Dışarıdaki hava müthiş. Tam da benim havam. Böyle durumlarda yalnızlığı arar ruhum. Çöl gibi, bembeyaz kâğıt gibi yalnızlığı… Yanıp tutuşan kelimeler, evin her bir köşesinde dolaşan imgeler; o çölün altını üstüne getirmeye, o beyaz sayfaları yazıp doldurmaya yeterli bir an… Şu an öylesi bir hava işte.

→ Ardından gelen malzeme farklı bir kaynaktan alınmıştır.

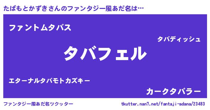 | 男性向けラノベタイトル風あだ名 | 『たばもとかずきに滅ぼされるだけの簡単なお仕事です』 |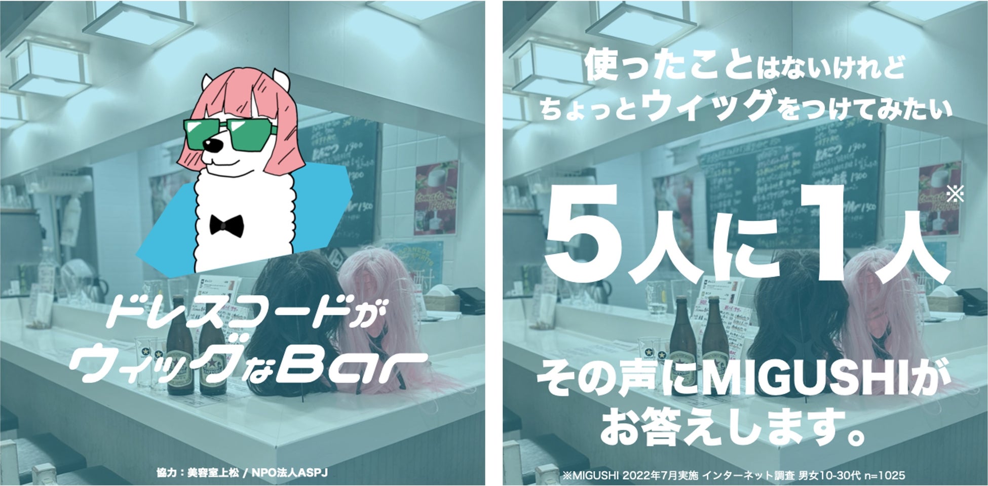 ウィッグのイメージをもっとポジティブなものに変えていく、という想いのもと、MIGUSHIは定期的に「ドレスコードがウィッグなBar」というイベントを開催しています。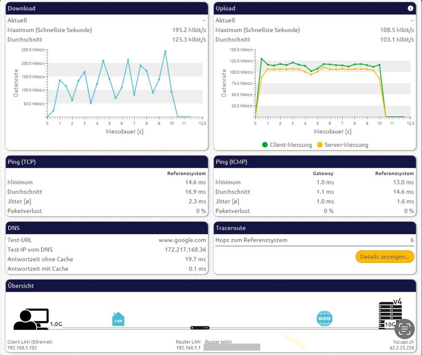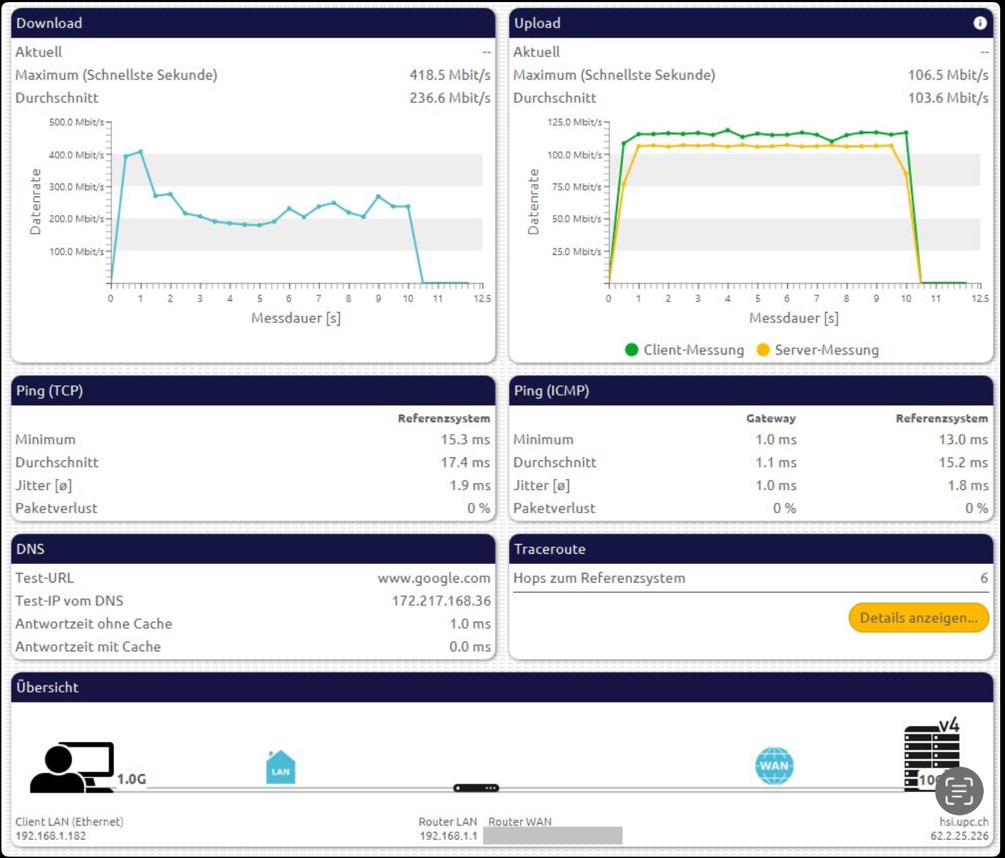 Die Speedtests per LAN mache ich immer mit meinem Notebook, welches eine geeignete Netzwerkkarte für diese Geschwindigkeit hat.

Upuzun yağan o yağmur, yüreğimdeki hüznü de ortaya çıkarandı aynı zamanda. Ruhları etrafımda dolaştıran… Ölüleri dirilten… Konuşturan… Yüreğimin dalga dalga kabarmasına sebep… Kıyısına tutunan yaşamlar… Bazen öfkeli bazen de sessiz esen rüzgârlar; yepyeni bir dünyayı canlandırma halleri o anda hissettiklerim…

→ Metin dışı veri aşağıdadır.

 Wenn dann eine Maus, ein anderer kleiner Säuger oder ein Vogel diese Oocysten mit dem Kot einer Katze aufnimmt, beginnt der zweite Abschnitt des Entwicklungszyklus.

Balkona geçiyorum sessizce, yüreğimi dinlemek için… Birden kesilen ve hızla yeryüzünü kapatan yepyeni bir sis dalgasıyla karşı karşıya kalışım. Birkaç saniye içinde. Tek bir yerden doğru kuşattı. Nereden geldiğini o anda fark edemediğim. Apansızın. Acımasızca, hoyratça yeryüzünü yutan bir sis… Bütün emarelerin kapandığı bir an. Ufuk çizgisinden değil, da ötelerden gelen. Duvar gibi. Yeryüzü ile irtibatım kesildi gene. Beyaz bir duvarın temaşa anı. Başka bir dünyaya başka bir evrende gibiyim. Dünya değil burası, şehir yok, dağlar yok, karşı vadideki mezarlık yok, hapishane yok, görüntü kayboldu birdenbire. Sanki ölüler ülkesine geçiş anı karşımda. Derinlere çöken bir belirsizlik. Fersahlarca uzanan bir kayıp, yitik, derisi yüzülmüş bir dünya… Uçsuz bucaksız bir terk edilmişlik mesela… Issız bir mabed sanki. Tavizsiz. Yepyeni, kimsesiz bir yer…Çırılçıplak… İmgeler kayıp mı ne? Hayalet ruhlarla dopdolu… Hiçliğin içinden doğru garip bakışların varlığı sanki… Nefessiz kalma korkusu en derinlerde. Ama nefes alabiliyorum. Boğmuyor, göğüs kafesimi daraltmıyor, korkutmuyor da; nerede bulunduğun hissinden uzaklaştıramamış tamamen. Her zamanki gibi sis bu çünkü…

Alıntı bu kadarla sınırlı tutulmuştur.